The Financial Conduct Authority (FCA) sees “no end in sight” to the rapid rise in the number of IT failures and cyber attacks on the financial services sector, the regulator’s head of supervision has warned.
In a speech given at Bloomberg’s London headquarters, Megan Butler, executive director of supervision over investment, wholesale and specialists at the regulator warned that she sees “no immediate end in sight” to the disruption caused by inadequate cyber defences.
In the year to October, firms reported a 138 per cent increase in technology outages to the FCA, alongside an 18 per cent increase in cyber incidents. “And all the trends that we’re seeing at the moment suggest an increasing threat to UK customers, and financial markets, from technology outages and cyber attacks,” she commented.
However,Butler was at pains to point out that the sudden spike in IT failures and hack attempts could be down to firms reporting incidents more robustly, stressing that the FCA does not take a “zero-failure” approach to the industry, preferring instead to test the ability of firms to recover and learn from operational disruptions.
“The true test of the resilience of UK finance is not the absence of incidents, it’s how well incidents are managed,” she said, noting that a third of firms the FCA surveyed did not carry out regular cyber assessments while nearly half of firms do not upgrade or retire old IT systems in time.
Butler outlined the FCA’s assessment of the progress made in managing the risks associated with new technology and cybercrime, based on a survey of nearly 300 firms for their technological maturity.
Her speech also touched upon the decline in the use of cash and warned that the FCA had been “deeply concerned” by the growing number of IT outages at banks related to system migration and platforming upgrades - most notably at digital bank TSB - which have caused disruption for customers.
“If your bank stops working, your life and business can be severely constrained,“ she said, noting that the FCA was worried that many firms seem “overly confident” about their ability to manage flagship IT change programmes and keep their systems up to date.
Turning her attentions to the rapid changes being wrought by new technologies, Butler predicted that as early as next year firms would have to start grappling with “synthetic humans” created by the increased adoption of artificial intelligence (AI) and machine learning.
“As we’re closing in on 2019, this seems a good point to mention that next year - according to the original Blade Runner film - the Earth will be dealing with synthetic humans,” she said.
“That prediction hasn’t aged particularly well (jokes about regulators aside) but it speaks to an important point. New technologies create threats that are extremely difficult to anticipate, and from a regulatory perspective, this is a fundamental challenge.”
She stressed that the FCA takes an optimistic view of innovation, and starts from the position that it has made a “fundamentally positive impact” on the finance industry, rather than viewing it as a disruptive development.
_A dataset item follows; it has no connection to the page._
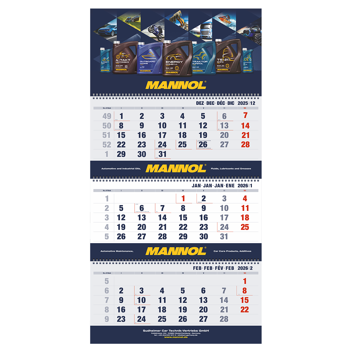 MANNOL 2026 Calendrier mural pliant en 3 parties.

“It’s easy to be blasé about ‘everyday’ technologies like mobile banking, investment apps, fund transfer, wearable tech and contactless payment,” Butler told the audience. “But to a customer 20 years ago, they’d seem genuinely remarkable,” she added.
In a challenge to assumptions that regulators aim to stifle or control the fast growth of new technologies, Butler stressed that the FCA took the opposite approach and preferred applying their own technological solutions to address regulatory challenges.
“A traditional view of regulation is that it is a barrier to this kind of progress, this is emphatically not the case with the FCA. We use on our own technology to help model risk and detect issues like market abuse.”
She also said the regulator’s RegTech team was acting as an observer on a number of anti-money laundering projects run by firms including Santander and Deloitte and highlighted the value of new technologies to non-retail markets, such as the emergence of trading algorithms, blockchain technology, market infrastructure and neural networks.